- Foods and fads: The welfare impacts of rising quinoa prices in Peru. Modest.
- Measuring the Affordability of Nutritious Diets in Africa: Price Indexes for Diet Diversity and the Cost of Nutrient Adequacy. Maybe they could try quinoa.
- Impacts of climate warming on terrestrial ectotherms across latitude. Insects are in trouble in the tropics, but will make up for it at higher latitudes, which will be really bad for crops there, 10-25% more bad.
- Evidence that organic farming promotes pest control. Something for farmers in those higher latitudes to think about.
- The global distribution of Bacillus anthracis and associated anthrax risk to humans, livestock, and wildlife. 63.8 million rural poor livestock keepers are at risk. No word on effect of climate change.
- Do open-pollinated maize varieties perform better than hybrids in agroforestry systems? Maybe in Rwanda, but in Ethiopia not so much.

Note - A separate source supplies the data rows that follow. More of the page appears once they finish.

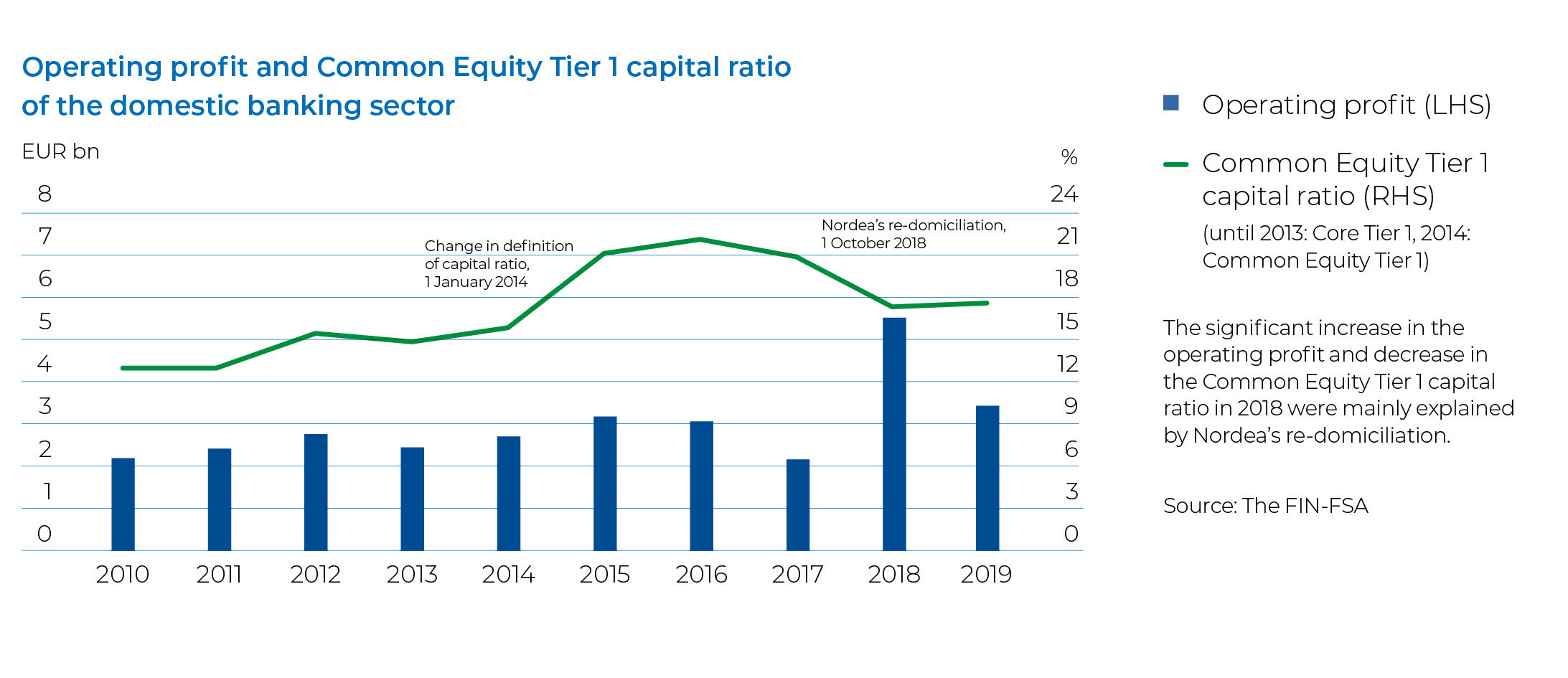 Risks in the operating environment of Finnish banks increased in the review year. This was due to elevated risks related to international economic development and reduced confidence among domestic companies and households. Despite the economic uncertainty, the capital adequacy of the Finnish banking sector and the quality of the credit stock remained strong. The risk-weighted capital ratios of the Finnish banking sector strengthened and remained above the European average. The non-risk-weighted leverage ratio also strengthened slightly and was higher than the average level for banks within the EU area. Finnish banks’ non-performing loans remained low in the review year. The level of non-performing loans in Finland is among the lowest in Europe.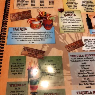 menu for tequila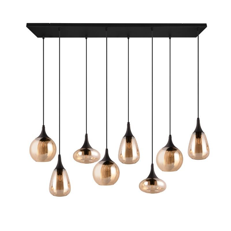 De amberkleurige hanglamp Sybren heeft de stijl design en is gemaakt van glas. Deze design hanglamp heeft 8 E14 fittingen en wordt exclusief 8 bijpassende lichtbronnen geleverd. In de lamp kunnen lichtbronnen met een maximaal vermogen van 40 watt.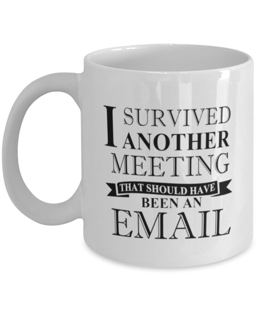 Office Funny Coffee Mug I Survived Another Meeting That Should Have Been An Mug Product Details.. This high quality 11oz. ceramic white mug has a premium hard coat that provides crisp and vibrant color reproduction sure to last for years. Perfect for all hot & cold beverages. The highest quality printing possible is used. It will never fade no matter how many times you wash it. Material: 100% Ceramic. Print both sides. Dishwasher and Microwave Safe. High Gloss + Premium White Finish. Printed in the U.S.A. Personalized & Custom. We support personalized and custom mug to add custom, when placing an order, you can add notes to the "order note" in shipping address section. Also you can contact us directly via message. Shipping Info. Ready to ship in 1 to 2 business days, All products are made-to-order and proudly printed in the United States. Shipped by USPS and DHL, You will receive your order in 5-7 days. Replace & Refund. All products are defective during shipping broken, chipped will be replaced free of charge. You are not satisfied with the product, we will refund 100% money to you. If any other issues arise, please do not hesitate to message, we would be more than happy to assist you.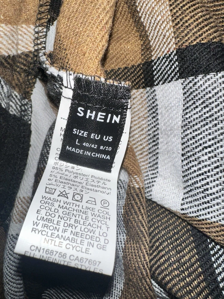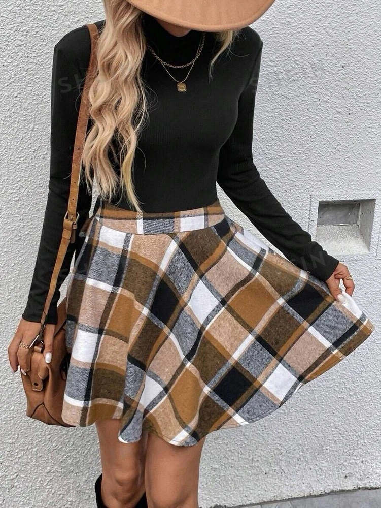 This SHEIN Women’s Plaid Umbrella Skirt is a stylish and trendy clothing item for women. The skirt features a plaid pattern in brown, made from durable polyester material in a size L. It has a zip closure and falls under the category of women's skirts. The skirt is designed to be comfortable and fashionable, perfect for adding a touch of sophistication to any outfit.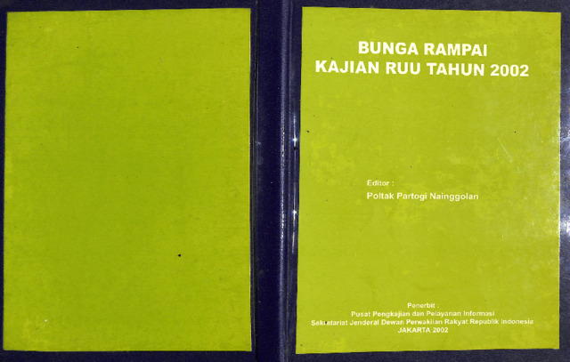 Sekretariat Jenderal DPR RI, Pusat Pengkajian dan Pelayanan Informasi (2002) Bunga Rampai Kajian RUU Tahun 2002. Pusat Pengkajian dan Pelayanan Informasi, Jakarta. ISBN 9799052211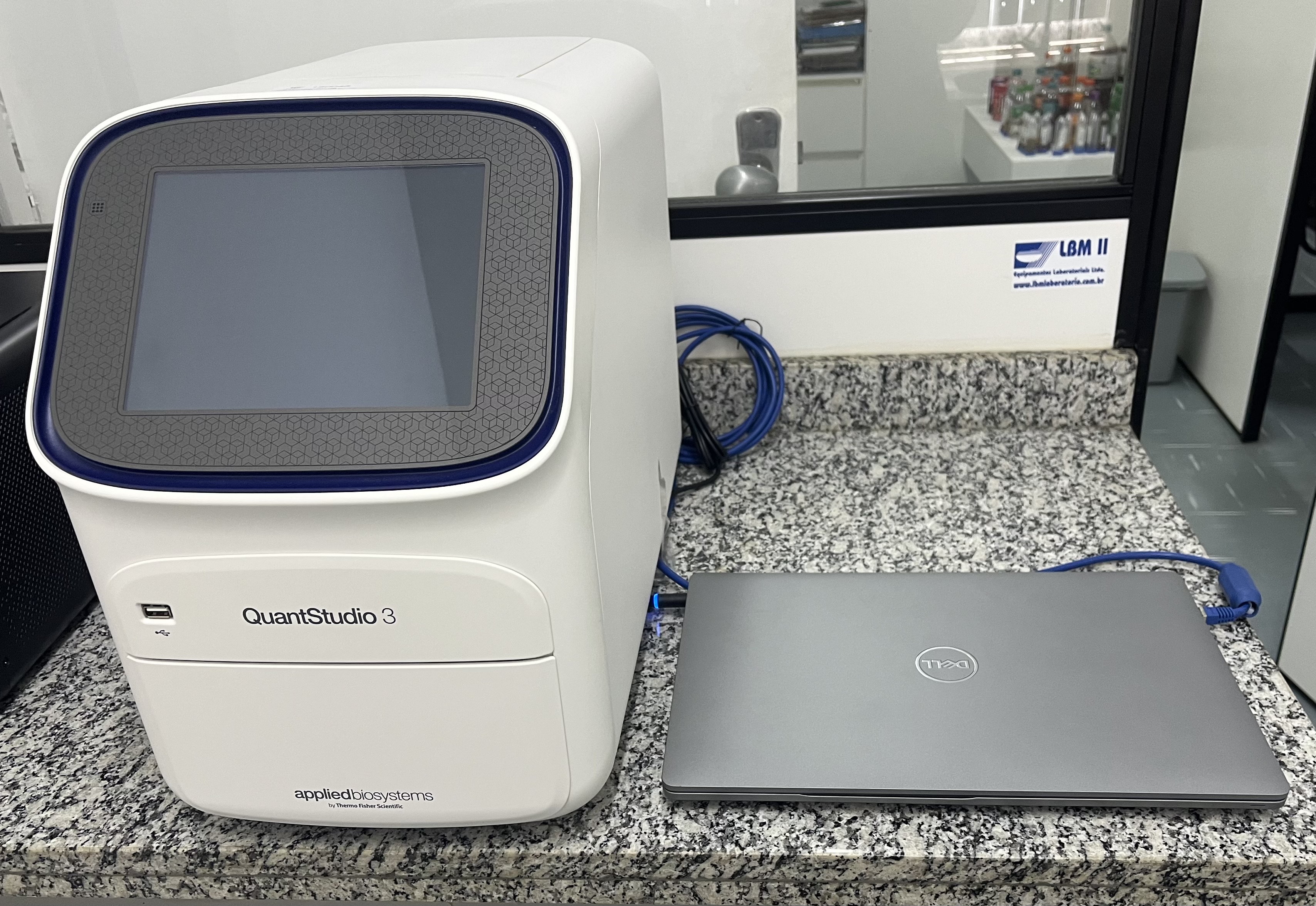 - Termociclador Applied Biosystems QuantStudio 3 – sistema de PCR em tempo real - ligado a um notebook Dell.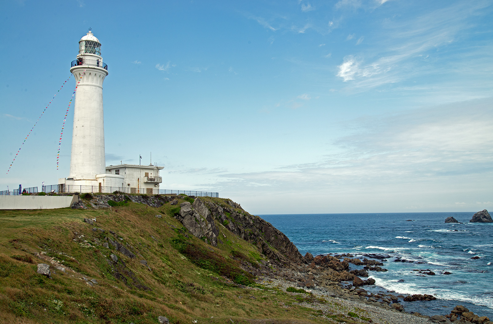 尻屋崎(しりやざき)は、青森県下北郡東通村にある、下北半島の北東端をなす岬である。岬の北側は津軽海峡、東側は太平洋で潮の変わり目であるため、海上交通の難所であった。明治9年にレンガ造りの白亜の尻屋崎灯台が建造された。「日本の灯台の父」と呼ばれるブラントンによって設計された二重のレンガ壁による複層構造の美しい灯台であり、日本の灯台50選に選ばれている。

- More than Yield: Ecosystem Services of Traditional versus Modern Crop Varieties Revisited. Landraces are liked for yield stability in marginal environments, and for cultural reasons.
- Root and shoot traits in parental, early and late generation Green Revolution wheats (Triticum spp.) under glasshouse conditions. Modern wheat have smaller roots.
- Standardized reporting of the costs of management interventions for biodiversity conservation. Behind a paywall, so can’t tell whether includes genebanks. But I bet it doesn’t. Tell me I’m wrong.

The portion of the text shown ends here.